Day 6 post op

It’s Day 6 post surgery.

In the few days since the last post, the pain has mostly become minimal. Online literature suggest elevation slight at or above heart level and not placing pressure directly on the AT wound. Occasionally the repaired foot would feel tight or similar to needles poking along the foot where the AT is located and at the heel. Usually shifting the repaired leg to a hovering position would reduce the pain. One apsirin was taken per day to reduce blood clotting, and no additional pain killers (i.e. acetaminophen) was taken or needed since day 1 post surgery.

A couple of times times, sudden calf contractions and tightness at the heel have woken me up. During my 1st post op evaluation, the Orthopedic doctor indicated this symptom was the result of inactivity and indicated stretching the toes should relive this pain. He then proceeded to tell me for the first time of how I should have been moving about much more to prevent blood clotting and flexing my toes (10 sec. increments) to reduce atrophy. Luckily, I have been doing the latter repetitively while cracking up after saying ‘Wiggle your big toe’ for the last two days.

Removal of splint and dressing showed decently healing leg (not swollen and didn’t show signs of infection). Slightly more yellowish skin @ the lower calf, was attributed to bruising. It was very surprising to hear the stitches were to be removed this session, as all previously read literature suggested removal of stitches 10-14 days post op. Luckily the wound did not reopen (mostly a long thin red line along the skin above where the AT is located), and my first cast was constructed with plantar flexion of about 30 deg. He instructed for one additional month of no weight bearing on ATR foot but will have a series of casts with different angles. The next cast/visit is to be during week 3 post op.

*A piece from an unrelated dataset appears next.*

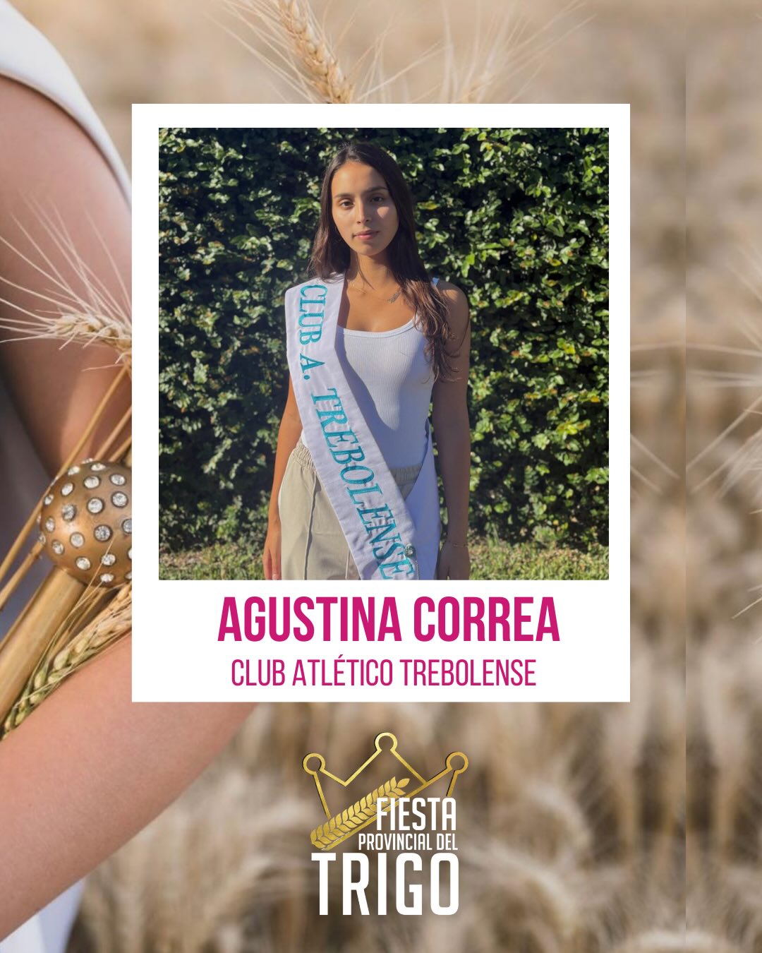 La expectativa crece en torno a la elección de la nueva Reina Provincial del Trigo. Entre las 13 postulantes de diversas localidades, El Trébol cuenta con una representante de lujo: Agustina Correa, enviada por el Club Trebolense.

From online resource(s), I plan on following these suggestions for strength exercises for the few days post surgery until 2-3 weeks post surgery

Passive and active range of motion from 20 deg plantar flexion to neutral position

toe curles

toe spreads

knee flexion/extension

straight leg raises

4-5 times per day


Side Note:

Since today was my first post op evaluation, it was the first time I have gone outside since the surgery. This was a big change, since prior the the ATR, I was always out and about, even after staying for 1 full day indoor I would feel ansty and jump at every chance to be outdoors (rain, snow, gloomy or shiny). Even post ATR and prior to surgery, I was still going to work with crutches and moving to everywhere I could.

But now, post op, the risk for rerupture is present. Last night, it was snowing and became rain for a short duration while the temperature was gradually higher than freezing, and luckily the landlord was quick to clear the snow from the sidewalks. It was amazing to be so fearful of the remaining bits of ice/snow scattered along the handful of steps down to reach the street level and sidewalk, to be worried I would slip and rerupture the AT. I thought I would be able to back to my work after 1-2 weeks post op, but I am very worried about slipping/falling during the transit (especially during this no weight bearing (NWB) period. It is slightly reassuring that my manager is open to the option of me working from home during potential slip conditions that are induced by the weather. The next few months will be challenging times to gauge between choices that have reduced risk of slip/fall/AT rerupture but still living a life and contributing for work.